- _ACTIVITY_: When the data below is printed, every line must match exactly and the images must be absent.

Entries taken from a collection
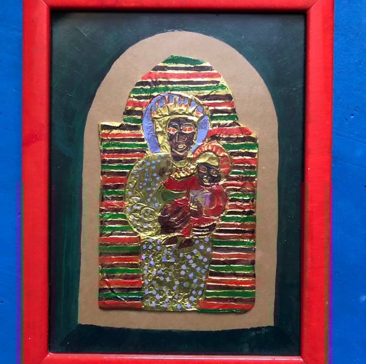 Mother Mary holds the holy child in her arms, surrounded by the glorious colours of creation, a celebration of life only their tears tell of his sufferering to come.
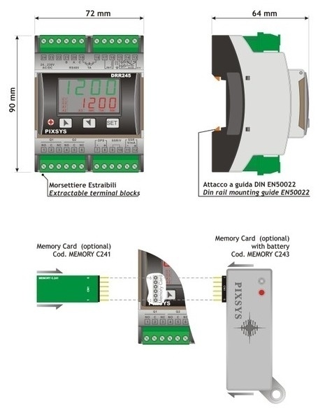 PID controller 24-230V AC/DC, RS-485, DRR245-21ABC-T Pixsys
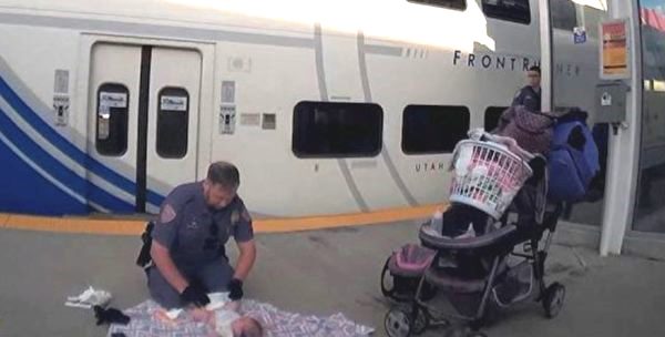 Cảnh sát quỳ gối thay tã cho con của người phụ nữ bị rối loạn tâm lý
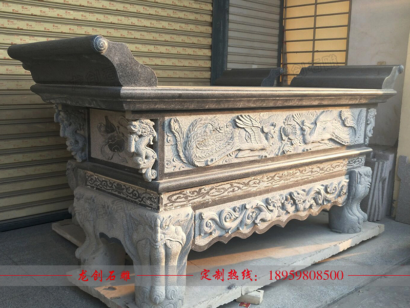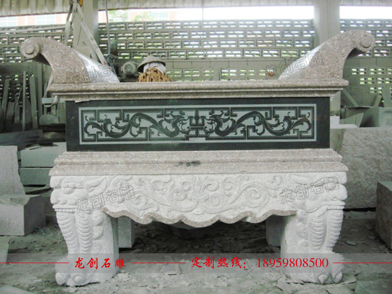 石雕供桌就是陳設(shè)供品的桌子,利用石材雕刻而成。石雕供桌常見款式為長方形,石頭材質(zhì)屬于青石,面中間是一精致的供桌,雕刻一龍王看廟,高度約與方桌相等。祭祀時常供設(shè)香爐、蠟竿和擺放供品,此為石頭所制,故名石供桌。供桌常見幾種地方擺放,廳堂供桌、佛堂供桌、寺廟供桌、神臺供桌等,與其配套的有香爐、石鼎。
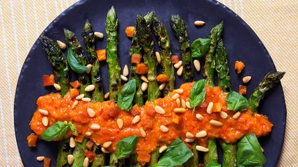 ⑦ For the Health Nut: Grilled Asparagus with Apricot and Pine Nut Romesco
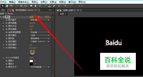 在“合成栏”右键单击,依次选择:效果—风格化—辉光,选定后文字便产生了发光特效。左侧弹出了“特效控制台”,在这里可以调整文字发光的阈值,颜色,模式等等...
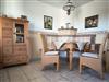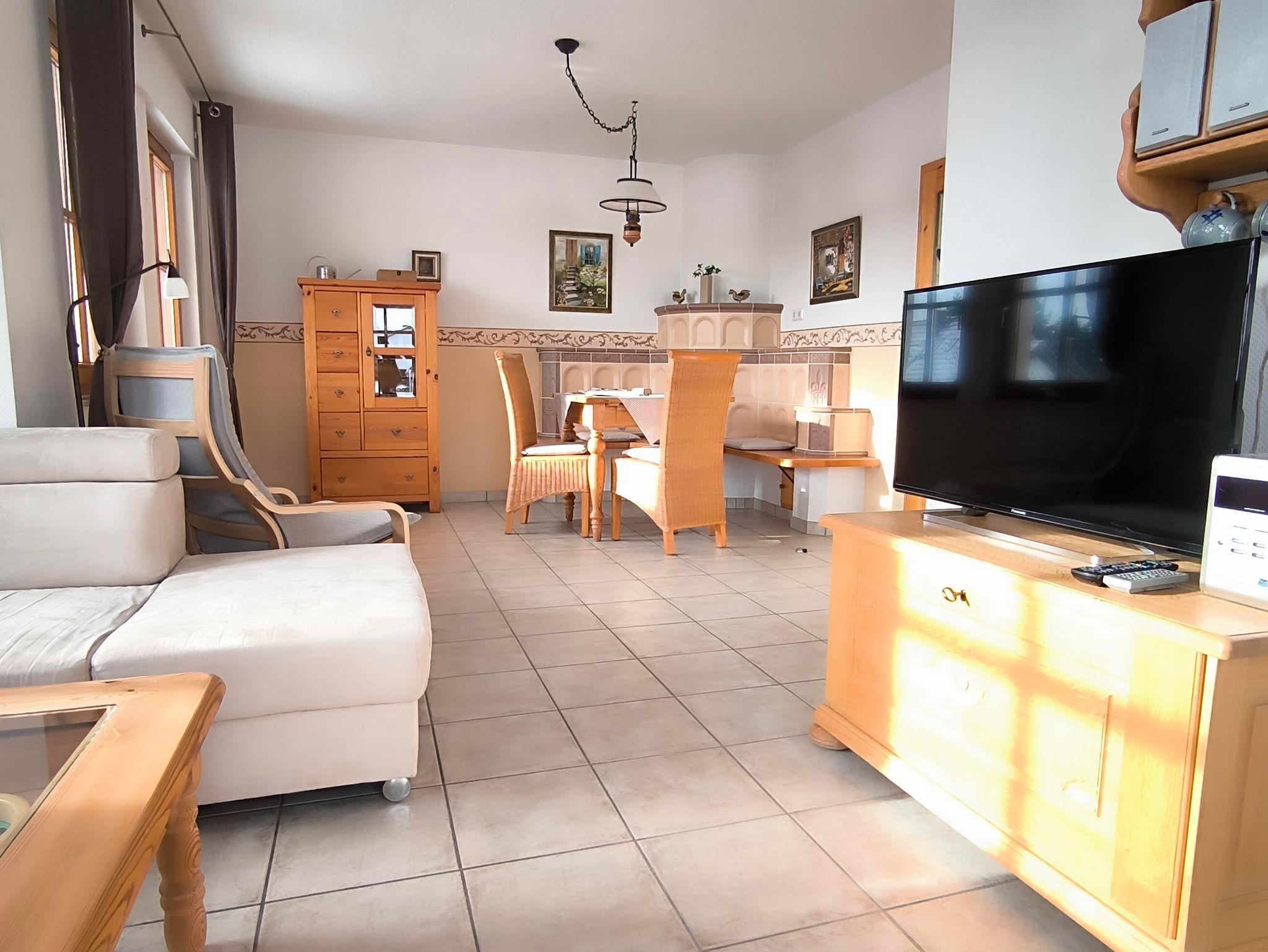 - Wohn-/Esszimmer mit einer gemütlichen Couch-Ecke mit Stereoanlage, LCD-TV, DVD Player und Leselampe. In der Essecke steht ein zentral beheizter Kachelofen mit gemütlicher Holzofenbank, ein Tisch und zwei Stühle.

- _RESULT FOR THIS TASK_:
 Mother Mary holds the holy child in her arms, surrounded by the glorious colours of creation, a celebration of life only their tears tell of his sufferering to come.
 PID controller 24-230V AC/DC, RS-485, DRR245-21ABC-T Pixsys
 Cảnh sát quỳ gối thay tã cho con của người phụ nữ bị rối loạn tâm lý
 石雕供桌就是陳設(shè)供品的桌子,利用石材雕刻而成。石雕供桌常見款式為長方形,石頭材質(zhì)屬于青石,面中間是一精致的供桌,雕刻一龍王看廟,高度約與方桌相等。祭祀時常供設(shè)香爐、蠟竿和擺放供品,此為石頭所制,故名石供桌。供桌常見幾種地方擺放,廳堂供桌、佛堂供桌、寺廟供桌、神臺供桌等,與其配套的有香爐、石鼎。
 ⑦ For the Health Nut: Grilled Asparagus with Apricot and Pine Nut Romesco
 在“合成栏”右键单击,依次选择:效果—风格化—辉光,选定后文字便产生了发光特效。左侧弹出了“特效控制台”,在这里可以调整文字发光的阈值,颜色,模式等等...
 - Wohn-/Esszimmer mit einer gemütlichen Couch-Ecke mit Stereoanlage, LCD-TV, DVD Player und Leselampe. In der Essecke steht ein zentral beheizter Kachelofen mit gemütlicher Holzofenbank, ein Tisch und zwei Stühle.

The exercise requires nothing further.